Berpikir adalah suatu keharusan,
barangkali itu hanya alasan. Satu minggu dalam memberi jeda antara diri sendiri
dan lingkungan adalah cara mendapat kenikmatan. Tidak untuk selamanya, karena
itu kegilaan. Tetapi hal tersebut cukup berhasil menetralisir pengaruh dari keramaian.
Berjalan mundur dari bisikan banyak isi kepala dan tatapan manis hingga sinis
memberikan kita peluang untuk memikirkan diri sendiri. Adakah istilah berempati
untuk diri sendiri? Apa bedanya I dan Me? Saya lupa teorinya dan sedang malas
juga mengingatnya apalagi mencarinya. Kalau dipikir-pikir, terlalu banyak memikirkan
orang lain bisa saja disebut egois, pun seperti cakap sang budak dalam Alkemis,
ketika kita terikat dalam suatu lingkungan, mereka akan mencoba mengubah kita semau
mereka. Diri sendiri pun begitu, disadari atau tidak, mungkin ketika kita masuk
dalam kehidupan seseorang, kita akan mengubah hidup mereka, entah dengan cara
yang terasa memaksa atau dengan sendirinya. Ah,
kurang tahu juga, bisa jadi iya, bisa jadi tidak. Ini interkoneksi mungkin, ya? Karena keterikatan dan keterlibatan
akan saling menggantungkan, kalau terlalu berlebihan mungkin perlu sedikit
direnggangkan agar bisa kembali bernafas. Apakah saya ingin sendiri? Tidak. Saya cukup waras bila mengingat
rasanya terbelenggu tidak punya sandaran sama sekali. Tetapi, satu minggu ini
memberikan sebuah ilham, bahwa segala sesuatu yang berlebihan tidak pernah
baik. Saya tahu itu sedari kecil, tetapi untuk mengerti sesuatu perlu jatuh
dalam konflik batin dulu. Intinya, saya sedang mendefinisikan “diri sendiri”
tetapi tak kunjung berhasil. Sedari dulu tidak tahu quotes “be yourself” itu bermakna apa, toh hidup kita hanya sekedar rekayasa
lingkungan dan virus beberapa dogma yang selalu berkembang biak menjadi regenerasi.
Tapi rasanya kalau menjadi orang yang super nurture
alias menjadi orang yang segalanya berasal dari bentukan lingkungan, kelihatannya
seperti orang tanpa prinsip sama sekali.
Edan.
Dalam satu minggu ini, saya banyak
berkaca ke belakang, alhasil saya gelisah.
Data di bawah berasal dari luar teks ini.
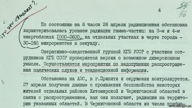 Виходячи із доповідних КДБ, найважливіше для влади на той момент – не зберегти життя і здоров’я громадян, а з’ясувати, чи не був вибух на ЧАЕС диверсією, а також запобігти поширенню чуток: "Особливу увагу приділено контролю за оперативною обстановкою в Київській, Чернігівській, Житомирській та інших областях у зв’язку із надзвичайною подією, що мала місце на 26 квітня 1986 року на Чорнобильській АЕС. Здійснюються оперативні заходи із з’ясування можливого ворожого умислу і причин цієї події, недопущення розповсюдження напічних чуток і тенденційної інформації".

Lebih-lebih kalau berpikir soal ke
depan, saya bisa depresi juga lama-lama. Tapi kalau tinggal datar-datar seperti
ini juga, saya gak mau. Anaknya labil sekali, tetapi keep smile saja. Lebih baik menunggu kejutan-kejutan, seperti
halnya tahun kemarin wawancara santai yang berhasil mengantarkan ke negeri
sakura. Kalau hidup dapat ditebak, tidak seru.
Tulisan ini adalah cara manusiawi dalam menghibur diri sendiri, dan lebih
beretika ketimbang mereka yang menghibur diri dengan hobi bakar bakar sambil
teriak Allahu Akbar.
Saya makhluk sosial, begitupun
orang-orang yang masuk dalam kehidupan saya. Entah dengan cara apapun mereka
membentuk saya, saya senang bergaul dengan mereka. Hal klasik yang selalu saya
pegang adalah peribahasa birds of feather
flock together, kalau saya dinilai orang dari keluarga dan teman-teman saya
yang baik, saya senang sekali karena otomatis saya akan dianggap baik, tetapi
tetap saja saya punya sisi individualistis sebagai diri saya. Memang nafsu
perihal kepuasan tidak pernah cukup, sesekali memang perlu bergaul dengan
orang-orang yang bertebrangan, baik pahamnya ataupun sikapnya. Cap nakal pernah
saya terima, begitupun cap baik. Akan ada cap-cap lain yang akan menjadi
deretan dalam usia saya, sampai sejauh mana saya harus peduli? Karena setidakpeduli
apapun, tidak bisa dipungkiri mudah terpikirkan. Malas punya masalah, tetapi
malas juga kalau cari aman.
Ya
Tuhan…ampuni hambaMu yang sedang labil ini.